Skijoring Combines Cross-Country Skiing and Dog Sledding

Learn about the traditional cold-weather travel method of skijoring, which entails hooking sled dogs up to cross-country skis.

| January/February 1982

As folks living in the rural areas of Snow Belt states know all too well, automobile travel can be downright impossible at times during the winter months when snow-packed and snow-drifted roads tend to be the rule rather than the exception. However, here in the bush country of Alaska, my sister Julie and I welcome heavy snowfalls. That's because once a good, thick, white blanket covers the ground, we can hitch up our sled dogs and begin another season of canine-powered cross-country skiing!

Skijoring — or skiing with the help of a pulling dog — combines some of the speed and the excitement of alpine schussing (downhill skiing) with the wide range of travel that's possible in ski touring. It's a fast and practical way to get about, too. When skijoring on an open trail towed by two or three dogs, I can easily cover over 40 miles a day.

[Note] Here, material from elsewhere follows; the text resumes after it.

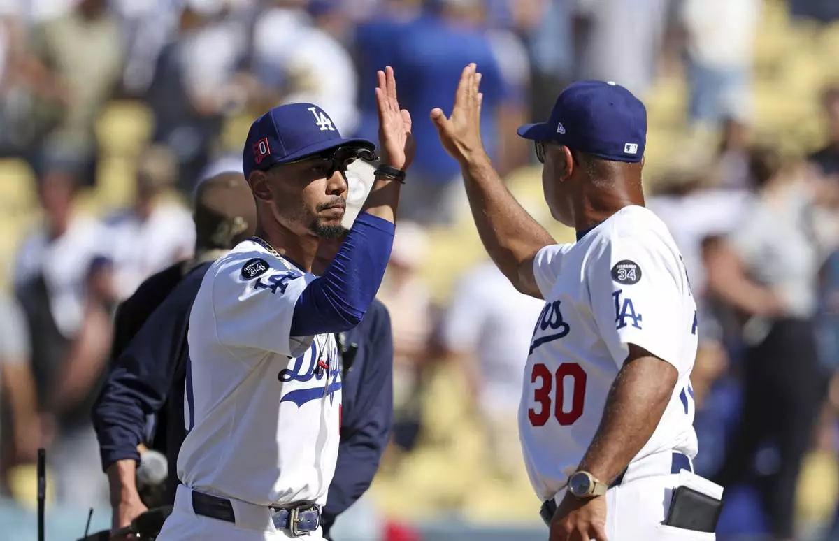 Los Angeles Dodgers shortstop Mookie Betts, left, celebrates with manager Dave Roberts after sweeping the San Diego Padres, Sunday, Aug. 17, 2025, in Los Angeles. (AP Photo/Kevork Djansezian)
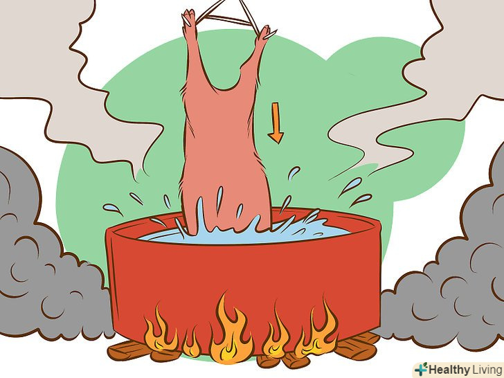 Обшпарте шкуру окропом, якщо вона вам знадобиться. більшість м'ясників швидше збережуть шкуру, що містить смачний бекон, жир і їх залишки. Процес при цьому не сильно ускладниться в порівнянні з простим зняттям шкури. Якщо шкура потрібна, то кращий спосіб видалити волосяний покрив – занурити тушу кілька разів в окріп і проскребти гарненько всю шкуру. [6]- Самий постій і ефективний спосіб нагріти воду – розвести вогонь в ямі і розмістити ємність над нею на вогнетривкій решітці. Не обов'язково доводити воду до кипіння, але температура повинна досягати 150 градусів за Фаренгейтом. Переконайтеся в безпеці процесу. Акуратно опустіть тушу, що висить на фіксаторі, в гарячу воду на 15-20 секунд, а потім витягніть.

This allows me to enjoy the sport while running a trapline, toting groceries out to our isolated homestead or just exploring the countryside.

If you live in an area that's snow-covered for part of the year (and especially if you have a trainable canine or two roaming around the place), you might want to try your skill at this exhilarating Nordic sport.

Finding Gear for Skijoring

In order to outfit yourself for skijoring, you'll need to purchase (or borrow) a pair of sturdy and easily maneuverable cross-country skis and bindings, as well as comfortably fitting cross-country ski boots (poles just seem to complicate matters, so I never use them). I've found that wooden recreational-type touring skis with standard three-pin toe bindings hold up fairly well and I prefer unlined boots that can dissipate foot perspiration to fur-cushioned ones.

If you're new at skijoring, you'd be wise to consult a good book on cross-country skiing for information about the various types of equipment. Then rent several different makes of gear (your choices will include wooden, fiberglass, waxed and waxless skis) before deciding on a particular brand or style.

Other accessories that will come in handy on a skijor outing include snow goggles or sunglasses (to guard your eyes against glare), gaiters (for keeping your legs and boots from packing with snow) and a waistpack or a rucksack (pick one that "wears" comfortably and rests snugly against your body so that your balance won't be upset by the added load) in which to stow ski wax, a first aid kit, trail maps and a compass and a lunch or snack.